United States District Court, D. Colorado

June 9, 2015

PHILLIP S. MANDRELL, Plaintiff,
v.
PHYSICIAN HEALTH PARTNERS AKA (PHP) CORRECTIONAL HEALTH PARTNERS, Defendant.

ORDER

KATHLEEN M. TAFOYA, Magistrate Judge.

This matter is before the court on Plaintiff's "Motion to Appeal Court's Order of Denial to Appoint Counsel" (Doc. No. 22, filed June 8, 2015).

"The Federal Rules of Civil Procedure do not recognize a motion to reconsider.' Instead the rules allow a litigant subject to an adverse judgment to file either a motion to alter or amend the judgment pursuant to Fed.R.Civ.P. 59(e), or a motion seeking relief from the judgment pursuant to Fed.R.Civ.P. 60(b)." Van Skiver v. United States, 952 F.2d 1241, 1243 (10th Cir. 1991). Fed.R.Civ.P. 59(e) will govern when the motion for reconsideration is filed within ten days of the judgment; Fed.R.Civ.P. 60(b) will govern all other motions. Id. Plaintiff filed his Motion on June 8, 2015, thirteen days after the court's order denying "Plaintiff's Motion for Appointment of Counsel." ( See Doc. Nos. 20, 21.) Therefore, the court will consider Plaintiff's request for review pursuant to Rule 60(b).

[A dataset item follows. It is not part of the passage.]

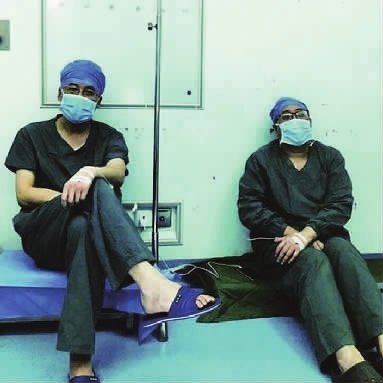 绿色的手术服还顾不上脱下,脚上还穿着手术拖鞋,两名医生在手术间隔的半小时,坐在手术室的脚踏凳上,共用一个吊针支架输液。药液一滴滴流下来,他们疲惫的脸上,却面带微笑。在这之前,他们为患者做了三台手术,站了10多个小时。

Rule 60(b) "is not available to allow a party to reargue an issue previously addressed by the court when reargument merely advances new arguments or supporting facts which were available for presentation at the time of the original argument." Cashner v. Freedom Stores, Inc., 98 F.3d 572, 576 (10th Cir. 1996). Parties seeking relief under Rule 60(b) must overcome a high hurdle because such a motion "is not a substitute for an appeal." Bud Brooks Trucking, Inc. v. Bill Hodges Trucking Co., Inc., 909 F.2d 1437, 1440 (10th Cir. 1990). Whether to grant a Rule 60(b) motion rests within the court's discretion. See Beugler v. Burlington N. & Santa Fe Ry. Co., 490 F.3d 1224, 1229 (10th Cir. 2007).

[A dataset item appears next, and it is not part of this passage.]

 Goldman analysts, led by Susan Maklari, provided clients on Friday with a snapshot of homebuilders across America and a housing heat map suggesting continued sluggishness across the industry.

There are three major grounds that justify reconsideration: (1) an intervening change in controlling law; (2) the availability of new evidence; and (3) the need to correct clear error or prevent manifest injustice. See Servants of the Paraclete v. Does, 204 F.3d 1005, 1012 (10th Cir. 2000). Plaintiff argues this his case is complex. (Doc. No. 22 at 1.) Plaintiff also argues that he does not have the ability to investigate the facts, rules, regulations or duties of the defendant. (Id. at 1-2.) However, the court addressed these arguments in its previous Order denying Plaintiff's motion. ( See Doc. No. 21.) Thus, Plaintiff has not presented new evidence. See Servants of the Paraclete, 204 F.3d at 1012. Plaintiff has not argued that there has been an intervening change in controlling law. See id. Finally, the court is not persuaded that not reconsidering its Order will result in manifest injustice. See id.

Therefore, it is

ORDERED that Plaintiff's "Motion to Appeal Court's Order of Denial to Appoint Counsel" (Doc. No. 22) is DENIED.